ProSST: Protein Language Modeling with Quantized Structure and Disentangled Attention

Mingchen Li,Yang Tan,Xinzhu Ma,Bozitao Zhong,Ziyi Zhou,Huiqun Yu,Wanli Ouyang,Liang Hong,Bingxin Zhou,Pan Tan
DOI: https://doi.org/10.1101/2024.04.15.589672
2024-05-17
Abstract:Protein language models (PLMs) have shown remarkable capabilities in various protein function prediction tasks. However, while protein function is intricately tied to structure, most existing PLMs do not incorporate protein structure information. To address this issue, we introduce ProSST, a Transformer-based protein language model that seamlessly integrates both protein sequences and structures. ProSST incorporates a structure quantization module and a Transformer architecture with disentangled attention. The structure quantization module translates a 3D protein structure into a sequence of discrete tokens by first serializing the protein structure into residue-level local structures and then embeds them into dense vector space. These vectors are then quantized into discrete structure tokens by a pre-trained clustering model. These tokens serve as an effective protein structure representation. Furthermore, ProSST explicitly learns the relationship between protein residue token sequences and structure token sequences through the sequence-structure disentangled attention. We pre-train ProSST on millions of protein structures using a masked language model objective, enabling it to learn comprehensive contextual representations of proteins. To evaluate the proposed ProSST, we conduct extensive experiments on the zero-shot mutation effect prediction and several supervised downstream tasks, where ProSST achieves the state-of-the-art performance among all baselines. Our code and pretrained models are publicly available.
Biology
What problem does this paper attempt to address?

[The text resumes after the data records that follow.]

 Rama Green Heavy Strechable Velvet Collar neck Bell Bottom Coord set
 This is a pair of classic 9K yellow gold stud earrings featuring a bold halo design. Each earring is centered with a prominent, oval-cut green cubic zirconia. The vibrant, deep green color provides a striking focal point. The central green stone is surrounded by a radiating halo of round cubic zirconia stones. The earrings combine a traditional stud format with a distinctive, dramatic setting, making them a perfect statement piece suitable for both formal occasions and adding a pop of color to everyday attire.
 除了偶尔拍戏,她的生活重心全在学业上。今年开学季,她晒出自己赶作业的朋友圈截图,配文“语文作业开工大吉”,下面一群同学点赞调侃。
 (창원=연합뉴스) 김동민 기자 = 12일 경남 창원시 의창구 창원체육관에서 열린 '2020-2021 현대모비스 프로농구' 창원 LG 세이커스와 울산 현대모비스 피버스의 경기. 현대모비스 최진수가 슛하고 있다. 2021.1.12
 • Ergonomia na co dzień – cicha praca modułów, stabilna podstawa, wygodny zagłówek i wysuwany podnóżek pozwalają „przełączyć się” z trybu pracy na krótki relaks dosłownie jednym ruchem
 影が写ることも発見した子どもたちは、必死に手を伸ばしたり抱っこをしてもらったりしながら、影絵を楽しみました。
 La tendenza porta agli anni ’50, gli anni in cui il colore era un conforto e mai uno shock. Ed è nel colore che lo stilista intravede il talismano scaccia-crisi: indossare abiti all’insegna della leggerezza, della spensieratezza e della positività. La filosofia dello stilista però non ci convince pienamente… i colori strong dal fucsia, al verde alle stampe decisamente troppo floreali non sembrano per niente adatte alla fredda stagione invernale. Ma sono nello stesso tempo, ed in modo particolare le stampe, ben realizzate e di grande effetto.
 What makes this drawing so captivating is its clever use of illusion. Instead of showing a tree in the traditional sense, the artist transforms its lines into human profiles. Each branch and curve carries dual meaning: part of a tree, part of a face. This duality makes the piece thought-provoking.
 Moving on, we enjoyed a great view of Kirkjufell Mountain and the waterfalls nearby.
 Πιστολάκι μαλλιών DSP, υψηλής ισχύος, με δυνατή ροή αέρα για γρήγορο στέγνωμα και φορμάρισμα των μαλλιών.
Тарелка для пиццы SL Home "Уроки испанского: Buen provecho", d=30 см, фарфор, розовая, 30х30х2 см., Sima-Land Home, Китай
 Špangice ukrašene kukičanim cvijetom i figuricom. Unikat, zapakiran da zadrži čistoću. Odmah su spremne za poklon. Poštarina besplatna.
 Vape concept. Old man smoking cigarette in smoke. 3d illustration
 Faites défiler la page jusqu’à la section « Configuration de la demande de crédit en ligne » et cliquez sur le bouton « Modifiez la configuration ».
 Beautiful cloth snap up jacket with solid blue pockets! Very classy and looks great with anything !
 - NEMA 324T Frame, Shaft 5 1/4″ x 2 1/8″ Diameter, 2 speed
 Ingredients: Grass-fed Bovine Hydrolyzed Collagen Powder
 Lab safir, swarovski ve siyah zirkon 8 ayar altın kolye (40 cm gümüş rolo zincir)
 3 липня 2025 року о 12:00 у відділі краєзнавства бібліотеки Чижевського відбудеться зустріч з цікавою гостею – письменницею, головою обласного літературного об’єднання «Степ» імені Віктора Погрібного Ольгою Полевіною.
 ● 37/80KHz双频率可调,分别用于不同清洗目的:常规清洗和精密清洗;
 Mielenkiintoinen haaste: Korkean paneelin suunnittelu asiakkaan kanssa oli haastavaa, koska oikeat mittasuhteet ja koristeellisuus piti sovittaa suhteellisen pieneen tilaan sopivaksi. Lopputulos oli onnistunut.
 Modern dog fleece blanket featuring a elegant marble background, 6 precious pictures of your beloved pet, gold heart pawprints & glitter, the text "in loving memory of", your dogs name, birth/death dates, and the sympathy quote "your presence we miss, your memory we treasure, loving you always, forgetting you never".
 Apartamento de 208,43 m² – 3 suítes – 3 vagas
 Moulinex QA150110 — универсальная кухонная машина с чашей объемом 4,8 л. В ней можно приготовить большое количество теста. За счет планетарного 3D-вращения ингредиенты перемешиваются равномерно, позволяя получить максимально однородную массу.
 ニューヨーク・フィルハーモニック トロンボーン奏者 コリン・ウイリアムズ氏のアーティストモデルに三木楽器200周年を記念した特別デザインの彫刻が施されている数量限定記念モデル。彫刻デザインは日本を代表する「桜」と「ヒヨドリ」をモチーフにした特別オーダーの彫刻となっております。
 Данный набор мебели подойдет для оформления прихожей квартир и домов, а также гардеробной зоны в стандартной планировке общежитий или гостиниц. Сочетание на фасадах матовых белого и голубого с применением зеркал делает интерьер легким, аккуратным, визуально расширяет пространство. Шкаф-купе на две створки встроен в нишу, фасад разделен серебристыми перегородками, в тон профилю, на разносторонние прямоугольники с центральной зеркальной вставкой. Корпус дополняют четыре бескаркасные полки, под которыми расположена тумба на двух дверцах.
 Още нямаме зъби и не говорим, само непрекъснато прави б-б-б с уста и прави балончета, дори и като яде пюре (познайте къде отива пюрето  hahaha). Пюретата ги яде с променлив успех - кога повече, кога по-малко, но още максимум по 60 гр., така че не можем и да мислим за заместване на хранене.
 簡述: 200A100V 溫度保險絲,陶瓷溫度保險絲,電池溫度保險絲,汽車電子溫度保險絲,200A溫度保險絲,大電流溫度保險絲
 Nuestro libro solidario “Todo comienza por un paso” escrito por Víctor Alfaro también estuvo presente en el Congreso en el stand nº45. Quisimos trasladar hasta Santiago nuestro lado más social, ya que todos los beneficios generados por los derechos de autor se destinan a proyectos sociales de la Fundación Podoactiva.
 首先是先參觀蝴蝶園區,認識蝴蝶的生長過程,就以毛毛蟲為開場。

The paper aims to address the issue that Protein Language Models (PLMs) fail to effectively utilize protein structural information when predicting protein functions. Specifically, although the function of a protein is closely related to its structure, most existing protein language models primarily focus on modeling protein sequences while neglecting the importance of structural information. To solve this problem, the paper proposes a new model called ProSST (Protein Sequence-Structure Transformer). ProSST is a protein language model based on the Transformer architecture that can seamlessly integrate protein sequence and structural information. To achieve this, ProSST employs the following key methods: 1. **Structure Quantization Module**: This module converts the 3D protein structure into a series of discrete structural tokens. It first extracts residue-level local structural features by serializing the protein structure and embedding them into a dense vector space; then, it quantizes these vectors using a pre-trained clustering model to obtain effective protein structural representations. 2. **Sequence-Structure Disentangled Attention**: ProSST introduces a new attention mechanism in the Transformer model, namely sequence-structure disentangled attention, to explicitly learn the relationship between the protein residue sequence and the structural token sequence, thereby better capturing the complex features of protein sequences and structures. The paper pre-trains ProSST on a large dataset of protein structures, enabling it to learn comprehensive protein contextual representations. Experimental results show that ProSST achieves state-of-the-art performance in zero-shot mutation effect prediction and multiple supervised downstream tasks, demonstrating its strong capability in protein function prediction. Additionally, the paper provides detailed ablation studies to further validate the effectiveness of each design in ProSST.